HD 2421

Observation data Epoch J2000.0 Equinox ICRS
- Constellation: Andromeda
- Right ascension: 00^{h} 28^{m} 13.6588^{s}
- Declination: +44° 23′ 40.109″
- Apparent magnitude (V): 5.173

Characteristics
- Spectral type: A2Vs + F2V

Astrometry
- Radial velocity (R_{v}): 2.0±0.9 km/s
- Proper motion (μ): RA: 82.361±0.197 mas/yr Dec.: −16.244±0.119 mas/yr
- Parallax (π): 11.2634±0.1621 mas
- Distance: 290 ± 4 ly (89 ± 1 pc)
- Absolute magnitude (M_{V}): +0.49

Orbit
- Period (P): 3.95529±0.00003 d
- Semi-major axis (a): ≥ 0.0176±0.0006 AU
- Eccentricity (e): 0.135±0.011
- Periastron epoch (T): 2448523.14±0.04
- Argument of periastron (ω) (secondary): 280±4°
- Argument of periastron (ω) (primary): 91±8°
- Semi-amplitude (K_{1}) (primary): 49.1±0.6 km/s
- Semi-amplitude (K_{2}) (secondary): 81.1±1.0 km/s

Details

A
- Mass: 2.31 M_{☉}
- Luminosity: 9,875 L_{☉}
- Surface gravity (log g): 4.26 cgs
- Rotational velocity (v sin i): 3.0±0.2 km/s
- Age: 413 Myr

B
- Surface gravity (log g): 4.26 cgs
- Temperature: 7,200 K
- Rotational velocity (v sin i): 8.0±0.4 km/s
- Other designations: BD+43°92, HD 2421, HIP 2225, HR 104, SAO 36390

Database references
- SIMBAD: data

= HD 2421 =

Spectroscopic binary star system in the constellation Andromeda

HD 2421 is a multiple star system in the constellation Andromeda. It is faintly visible to the naked eye with a combined apparent visual magnitude of 5.17. Based on parallax measurements, it is located at a distance of approximately 290 light years from the Sun. The system is drifting further away with a radial velocity of ~2 km/s.

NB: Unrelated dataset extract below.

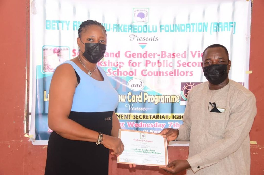 The Betty Anyanwu-Akeredolu Foundation, BAAF, has captured six out of the 18 Local Government areas of Ondo State for the distribution of 400,000 Sexual and Gender-Based Violence’s Protective Yellow Cards for secondary school girls, and the training of Schools’ Counsellors.
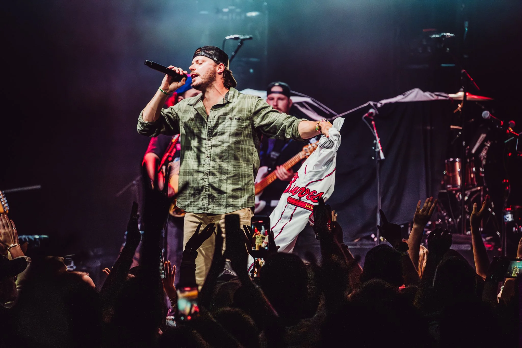 Then Nate Smith took the stage—there was no slow build; he just came out swinging. The crowd was all in from the first song, and he fed off that energy the entire time. His voice live is no joke—it’s got this rough, powerful tone that feels even bigger in person than it does on recordings. Just four songs in, Nate told the crowd that he loves being on the floor with them, asking if it was okay if he came off stage to hang out for “Whiskey on You.” What made the interaction extra special was that he didn’t just stay close to the stage—he walked the entire venue, all the way to the back, singing with his fans and taking photos with them along the way. That kind of personal interaction is something that’s been lost among so many artists; as if I wasn’t already a huge fan of his, that made me respect him even more.

This is a double-lined spectroscopic binary with an orbital period of 3.96 days and an eccentricity of 0.135. The variable radial velocity was first reported by Robert Horace Baker in 1909 and the first orbit computed by Stella Udick in 1912. A refined orbit was published in 1993 resulting in updated orbital parameters, and in the assessment of a period shift with respect to the 1912 observations.

The primary member of the pair, designated component A, has a stellar classification of A2 Vs, indicating a sharp-lined A-type main-sequence star. The element abundances are similar to those in the Sun. The fainter and cooler secondary, component B, is also a sharp-lined star with a class of F2V, matching an F-type main-sequence star.

A steady variation in the motion of the system suggests the influence of a third component. In 2015 a faint companion, component C, was detected 0.1 arcsecond to the southwest of the main pair. This star has about 1.1 times the mass of the Sun, and, if gravitationally bound, is orbiting with a period of around 16 years at a distance of 10.5 AU.